When using this TLS method, the gateway instance will only require GATEWAY_STORE_ETCD_CA_CERTIFICATE_FILE
to point to a CA certificate (ca.crt
) and the etcd cluster will require a signed key pair (server.crt
, server.key
).
Once all certificates are ready, launch the server with the following command:
>_ etcd --name infra0 --data-dir infra0 \
--cert-file=/path/to/server.crt --key-file=/path/to/server.key \
--advertise-client-urls=https://127.0.0.1:2379 --listen-client-urls=https://127.0.0.1:2379
Next, set the following configuration variables in the gateway instance:
Config Variable | Value |
---|---|
GATEWAY_STORE_BACKEND |
etcd |
GATEWAY_STORE_ETCD_HOSTS |
host:port |
GATEWAY_STORE_ETCD_USE_TLS |
true |
GATEWAY_STORE_ETCD_CLIENT_CERT_AUTH |
false |
GATEWAY_STORE_ETCD_CA_CERTIFICATE_FILE |
/path/to/ca.crt |
Run the iagctl get services
command to check if the connection to the new database is successful.
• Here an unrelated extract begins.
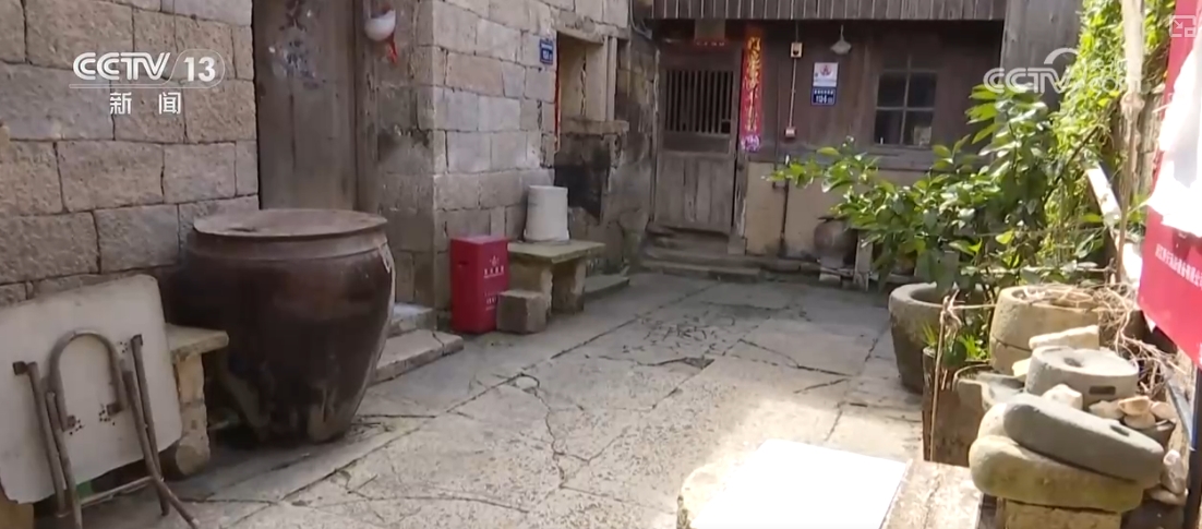 温岭市文化和广电旅游体育局文化遗产保护科张淑凝介绍,这是一个典型的石屋里面三合院的建筑,它由正屋加上两边的厢房组成。墙体是非常厚实的,里面还有一部分。外面很规整、整洁漂亮。里面填充的是不规则的乱石,然后用糯米灰浆蛎灰把它给黏起来。条件好的家庭会对内墙进行粉刷。

A failure to connect may result in a timeout.
Client to Server Authentication with Client Certificates
A more secure option for TLS authentication would be to use "Client to Server Authentication with Client Certificates" where both the gateway and the etcd
server can verify each other's identity while providing transport security.
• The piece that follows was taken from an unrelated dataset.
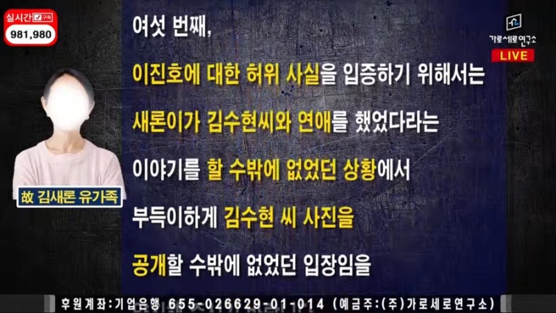 그리고 "이진호에 대한 허위 사실을 입증하기 위해서는 새론이가 김수현 씨와 연애를 했었다는 이야기를 할 수 밖에 없었던 상황에서 부득이하게 김수현 씨 사진을 공개할 수 밖에 없었던 입장임을 양지해 주시기 바란다"고 전했습니다.

The method described in this section is similar to "Example 2: Client-to-server authentication with HTTPS client certificates" on the
etcd
security page.
Set GATEWAY_STORE_ETCD_CLIENT_CERT_AUTH
to true
to utilize this authentication method.
When using this TLS method, the gateway instance requires:
GATEWAY_STORE_ETCD_CA_CERTIFICATE_FILE
to point to a CA certificate (ca.crt
)GATEWAY_STORE_ETCD_CERTIFICATE_FILE
to point to a public certificate file (client.crt
)GATEWAY_STORE_ETCD_PRIVATE_KEY_FILE
to point to a private key (client.crt
)
The etcd
cluster will require the same CA certificate (ca.crt
) and its own signed key pair (server.crt
, server.key
). This allows the client to verify that the server is to be trusted during the TLS handshake.
Once all certificates are ready, launch the server with the following command:
>_ etcd --name infra0 --data-dir infra0 \
--client-cert-auth --trusted-ca-file=/path/to/ca.crt --cert-file=/path/to/server.crt --key-file=/path/to/server.key \
--advertise-client-urls https://127.0.0.1:2379 --listen-client-urls https://127.0.0.1:2379
Next, set the following configuration variables in the gateway instance:
Config Variable | Value |
---|---|
GATEWAY_STORE_BACKEND |
etcd |
GATEWAY_STORE_ETCD_HOSTS |
host:port |
GATEWAY_STORE_ETCD_USE_TLS |
true |
GATEWAY_STORE_ETCD_CLIENT_CERT_AUTH |
false |
GATEWAY_STORE_ETCD_CA_CERTIFICATE_FILE |
/path/to/ca.crt |
GATEWAY_STORE_ETCD_CERTIFICATE_FILE |
/path/to/client.crt |
GATEWAY_STORE_ETCD_PRIVATE_KEY_FILE |
/path/to/client.key |
Run the iagctl get services
command to check if the connection to the new database is successful. A failure to connect may result in a timeout.